_Data block_:

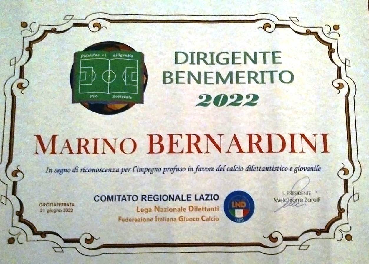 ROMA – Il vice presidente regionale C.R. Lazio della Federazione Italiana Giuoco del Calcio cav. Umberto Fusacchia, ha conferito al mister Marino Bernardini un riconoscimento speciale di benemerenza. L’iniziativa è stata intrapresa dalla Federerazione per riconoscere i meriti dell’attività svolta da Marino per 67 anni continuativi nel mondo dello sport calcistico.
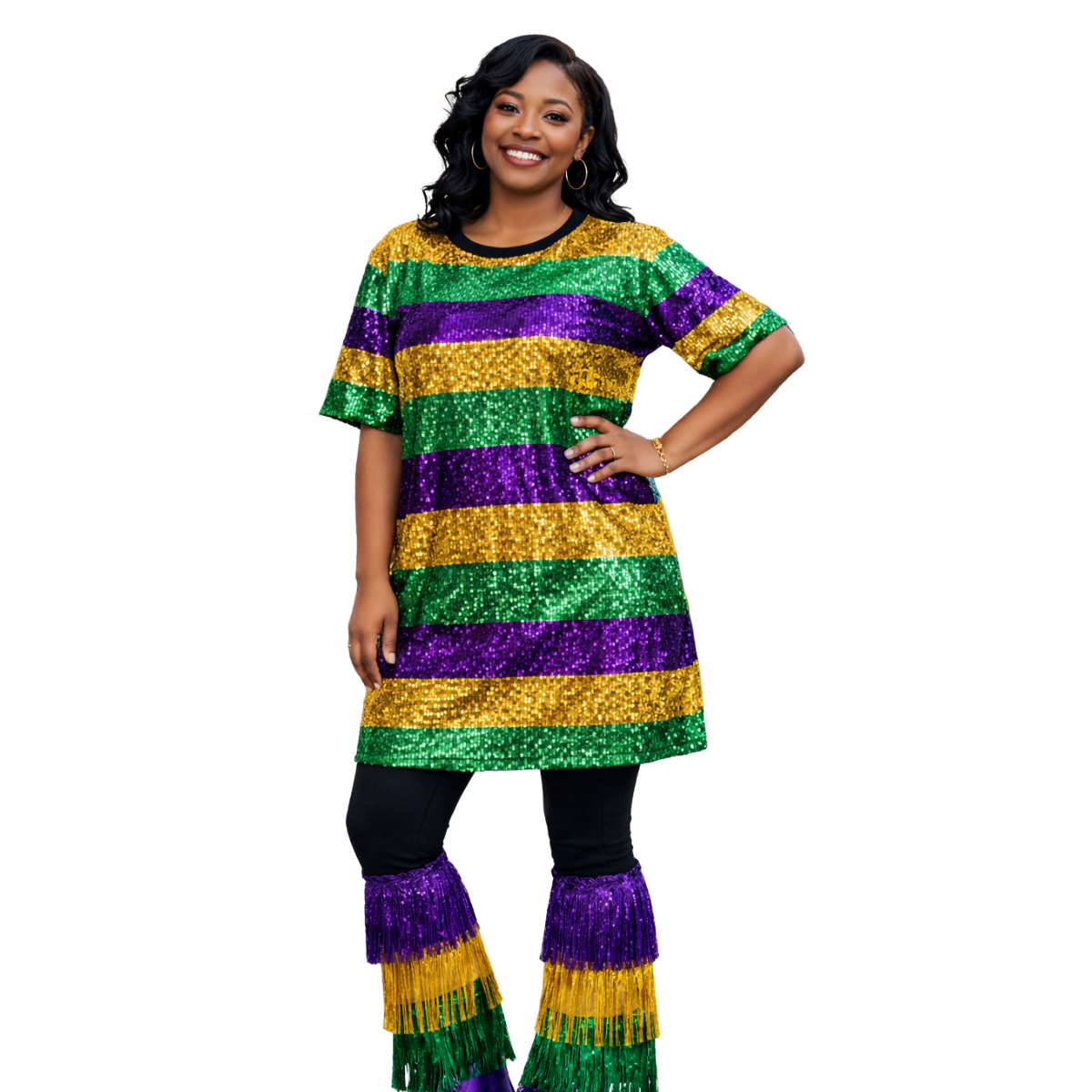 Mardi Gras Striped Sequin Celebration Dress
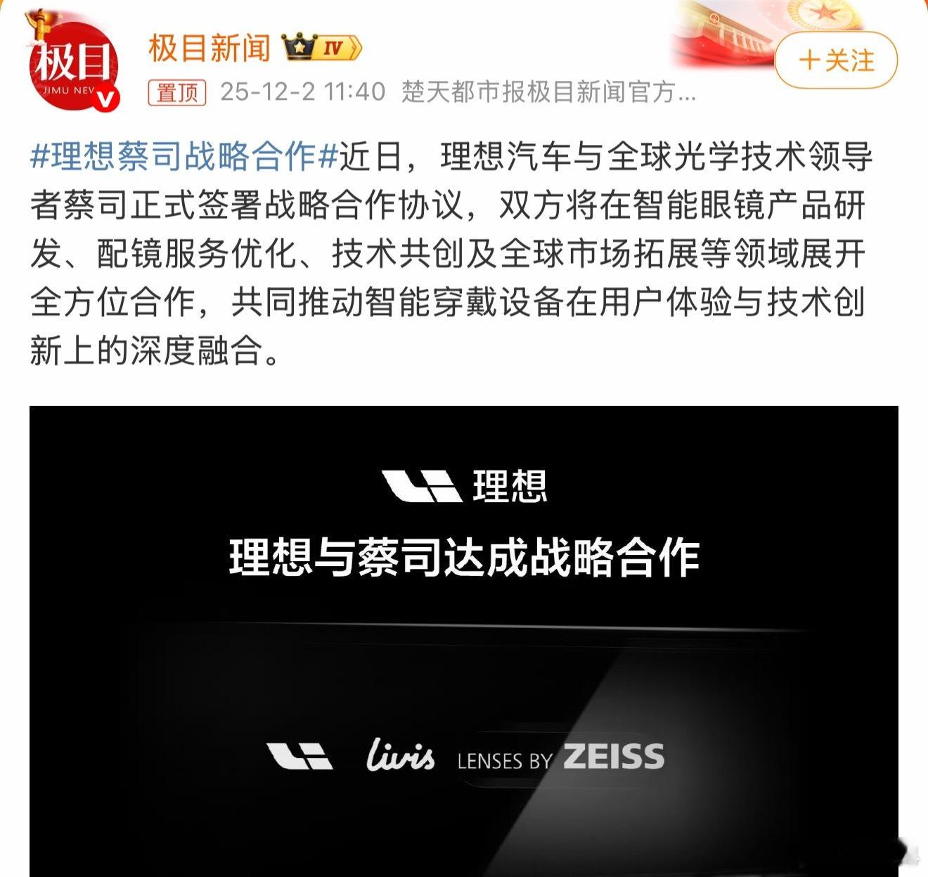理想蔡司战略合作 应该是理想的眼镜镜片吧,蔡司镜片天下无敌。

_Task to carry out_: Begin with the line that contains "Mardi Gras Striped Sequin Celebration Dress" and repeat every line through the end of the data, exactly and only those lines, leaving out the pictures.

_Output of the exercise_:
 Mardi Gras Striped Sequin Celebration Dress
理想蔡司战略合作 应该是理想的眼镜镜片吧,蔡司镜片天下无敌。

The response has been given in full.